New Delhi: India's industrial output rose an annual 7.6 per cent in December, outpacing the previous month due to a pick-up in manufacturing, but analysts expect tight rate policy and a firm rupee to keep it below blistering levels seen earlier last year.
Official data released on Tuesday showed output in December grew an annual 7.6 per cent, in line with a Reuters poll of analysts, but higher than the previous month's downwardly revised growth of 5.1 per cent.
The rebound in expansion still leaves it far below the double digits clocked up in much of the first half of 2007.
Analysts said the numbers were unlikely to prompt the central bank to ease its tight monetary policy any time soon with high commodity prices threatening to take inflation higher.
Other data
"Going forward, we expect growth to remain around these levels until end-March and expect it to pick up from second quarter (of fiscal 2008-09), propelled by infrastructure," Shubhada Rao, chief economist at Yes Bank in Mumbai, said.
"We expect policy rates to remain unchanged for now and see a possibility of easing only around mid-2008."
Markets remained largely cool to the data with the partially convertible rupee unchanged at 39.65/66 per dollar from before the release, and the 10 year benchmark federal bond one basis points higher at 7.46 per cent.

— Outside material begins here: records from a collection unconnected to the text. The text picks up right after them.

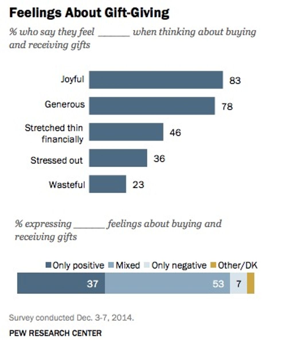 Fifty-three percent of Americans said they have mixed feelings about giving and receiving gifts, while 37 percent said that they have only positive feelings, and a mere 7 percent said they have only negative feelings.
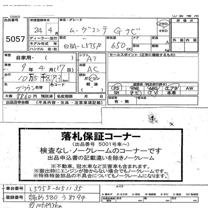 DAIHATSU MOVE CONTE G NAVIGATION - лот 5057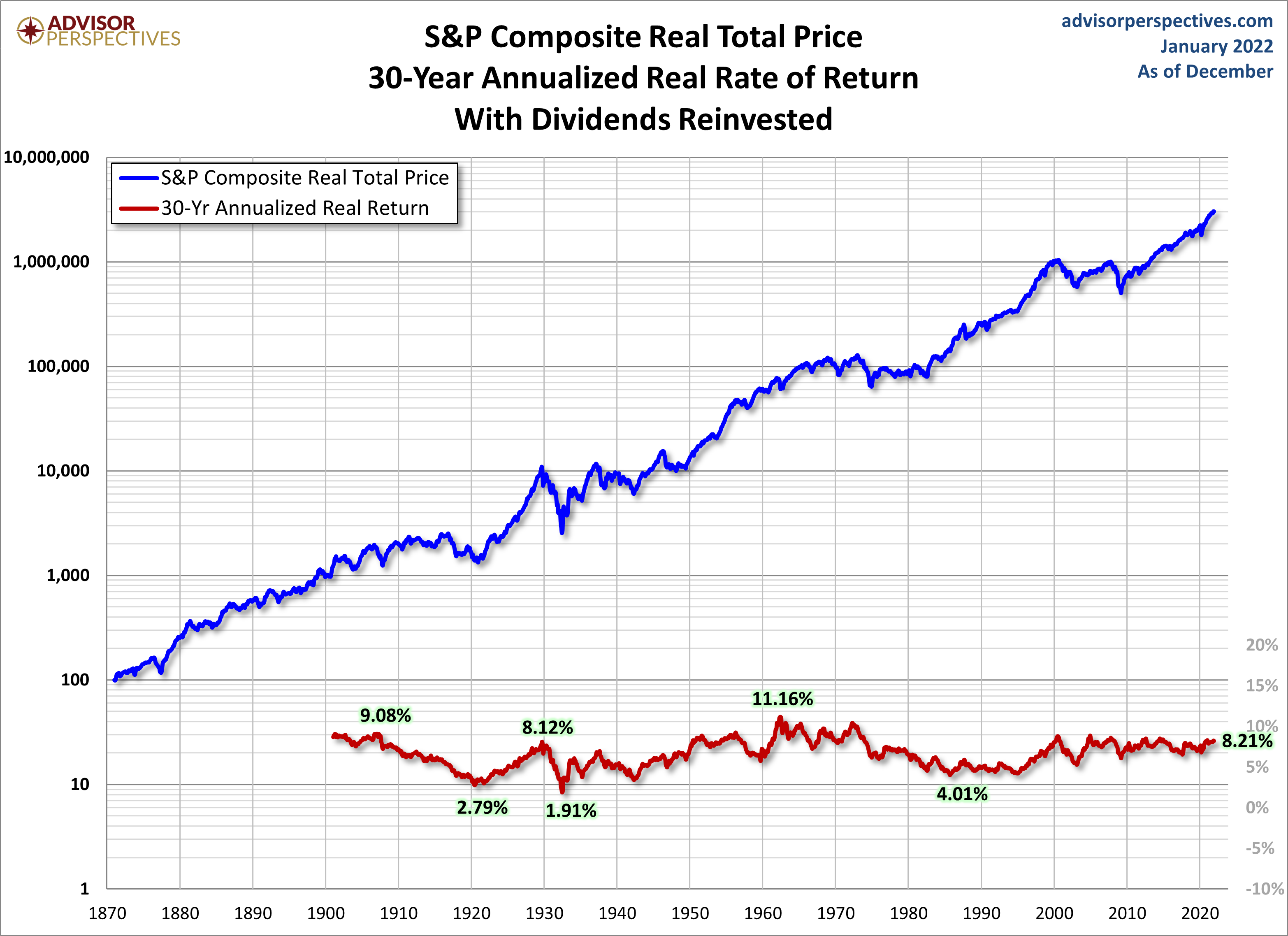 Notice these 30-year returns are positive - always. Even during the great depression of the 1930s. Of late, the returns appear to have been quite stable, finishing 2021 at 8.21%.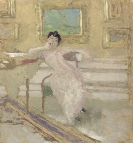 Portrait de Madame Hessel en robe rose accoudée à une table

Manufacturing, which accounts for 15 per cent of gross domestic product, rose 8.4 per cent in December from a year earlier, compared with downwardly revised growth of 5.0 per cent in November.
Consumer goods output rose an annual 8.7 per cent, and capital goods output continued to be strong with the sector growing 16.6 per cent in December from a year earlier.
Expansion has been dampened by a series of interest rate rises from June 2006 and increases in bank reserve requirements, which have slowed demand for automobiles, real estate and some consumer durables.
At a policy review last month, the central bank kept policy rates steady.